Patthy L
Institute of Enzymology, Hungarian Academy of Sciences, Budapest.
J Mol Biol. 1987 Dec 20;198(4):567-77. doi: 10.1016/0022-2836(87)90200-2.
A simple protocol is described that is suitable for the detection of distantly related members of a protein family. In this procedure, similarity to a consensus sequence is used to distinguish chance similarity from similarity due to common ancestry. The consensus sequence is constructed from the sequences of established members of a protein family and it incorporates features characteristic of the protein fold of this family: conserved residues, the pattern of variable and conserved segments, preferred location of gaps etc.

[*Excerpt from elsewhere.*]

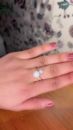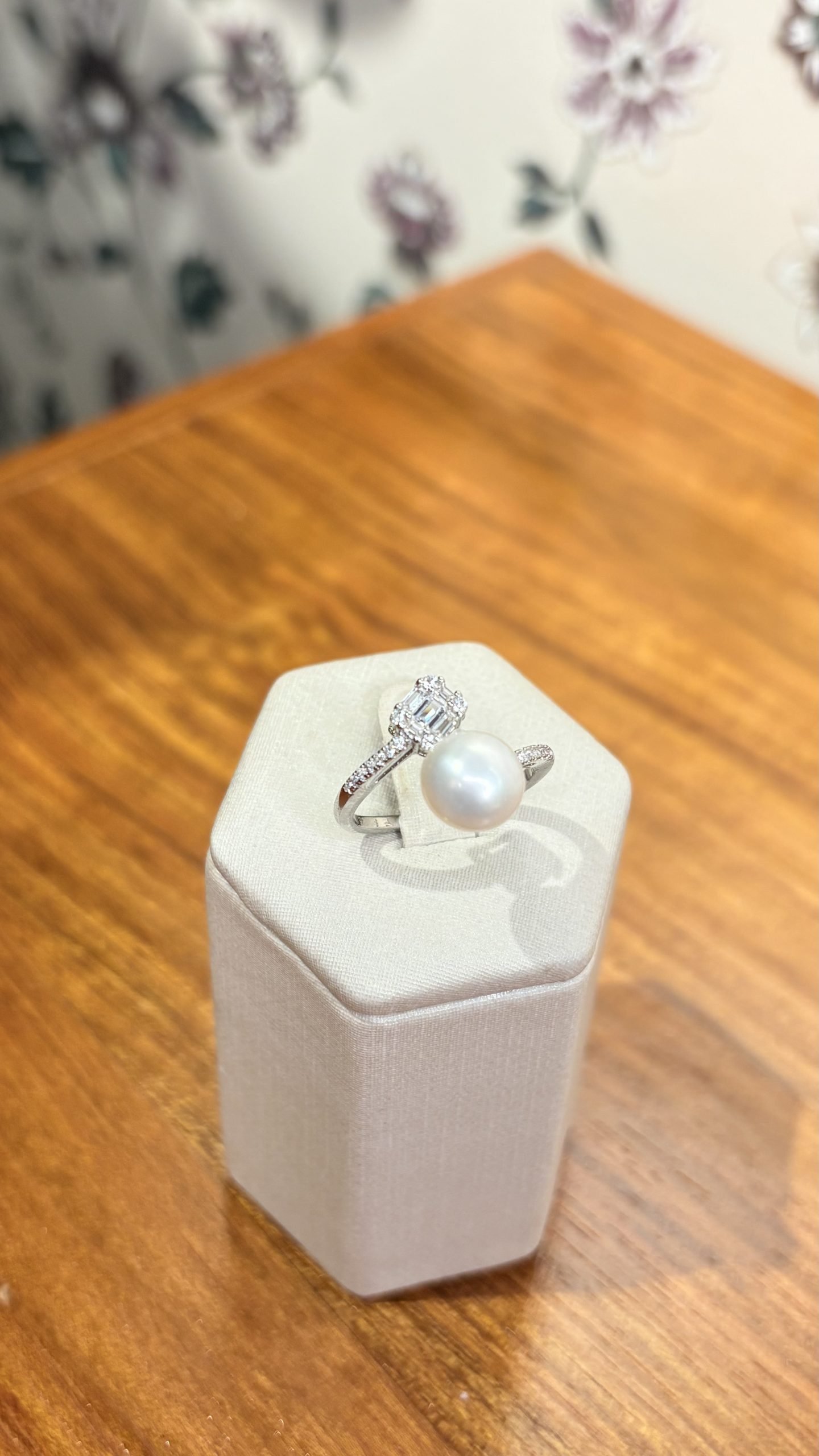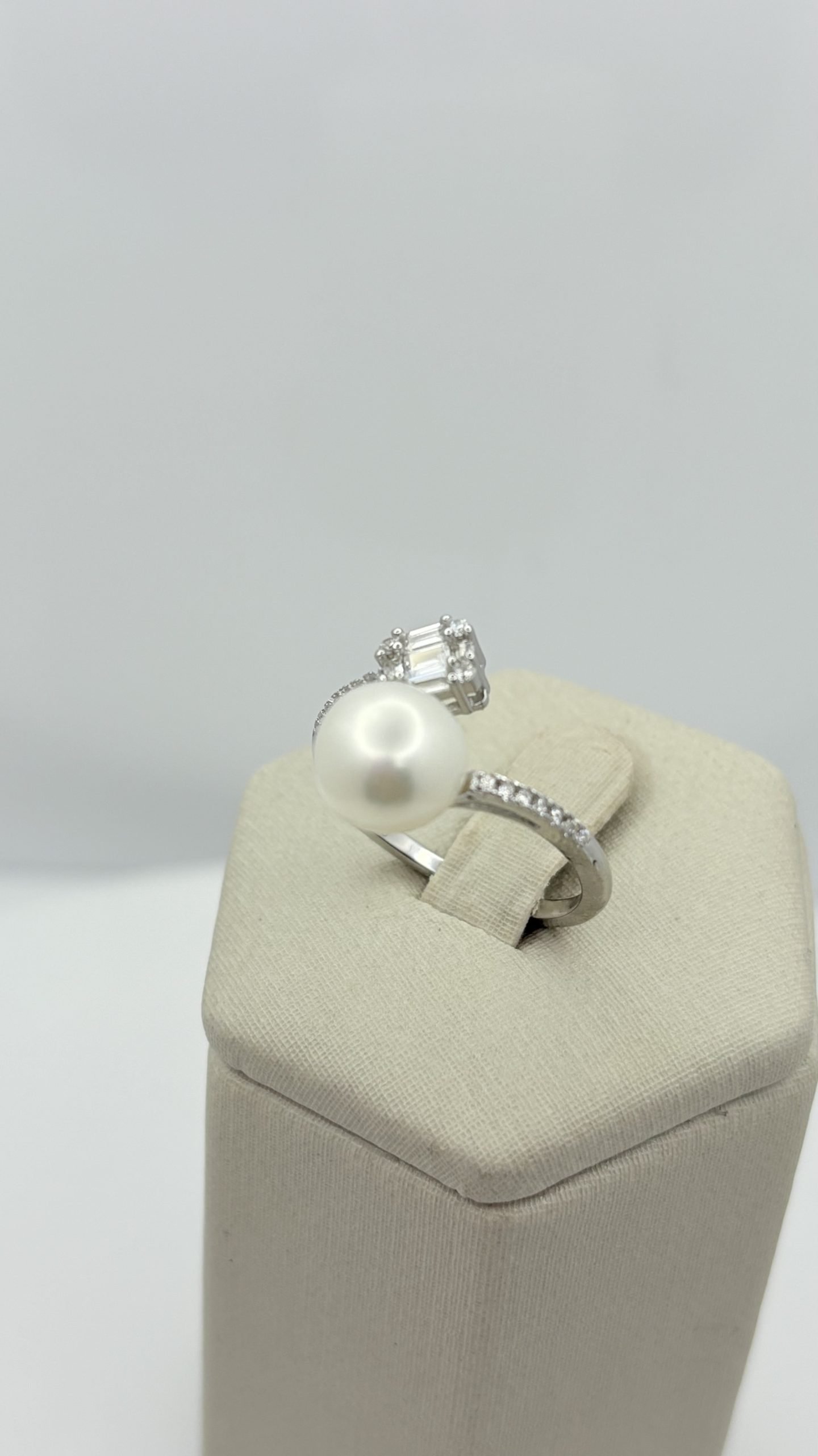 Anillo en plata 925 baño de rodio, ajustable con 2 filas de circones blancos, Perla en la punta de 8,5mm

The database is searched with the consensus sequence, using the unitary matrix or log odds matrix for scoring the alignments, with variable gap penalty. The advantage of the method is that it weights key residues, ignores sequence similarity in variable segments (thus partially eliminating "background noise" coming from chance similarity), distinguishes gaps disrupting conserved segments from those occurring in positions known to be tolerant of gap events. The utility of the method was demonstrated in the case of the protein family homologous with the internal repeats of complement B as well as the internal repeats identified in fibroblast proteoglycan PG40. The consensus sequence method succeeded in finding some new members of these protein families that could not be detected by earlier methods of sequence comparison.
本文描述了一种简单的方案,适用于检测蛋白质家族中亲缘关系较远的成员。在此过程中,与共有序列的相似性被用于区分偶然相似性和源于共同祖先的相似性。共有序列由蛋白质家族中已确定成员的序列构建而成,它包含了该家族蛋白质折叠的特征:保守残基、可变区和保守区的模式、缺口的优选位置等。使用共有序列搜索数据库,采用单位矩阵或对数几率矩阵对比对进行评分,并设置可变的缺口罚分。该方法的优点在于它对关键残基进行加权,忽略可变区的序列相似性(从而部分消除偶然相似性带来的“背景噪声”),区分破坏保守区的缺口和那些出现在已知可容忍缺口事件位置的缺口。该方法的实用性在与补体B内部重复序列同源的蛋白质家族以及成纤维细胞蛋白聚糖PG40中鉴定出的内部重复序列的案例中得到了证明。共有序列方法成功地找到了这些蛋白质家族的一些新成员,而这些成员用早期的序列比较方法无法检测到。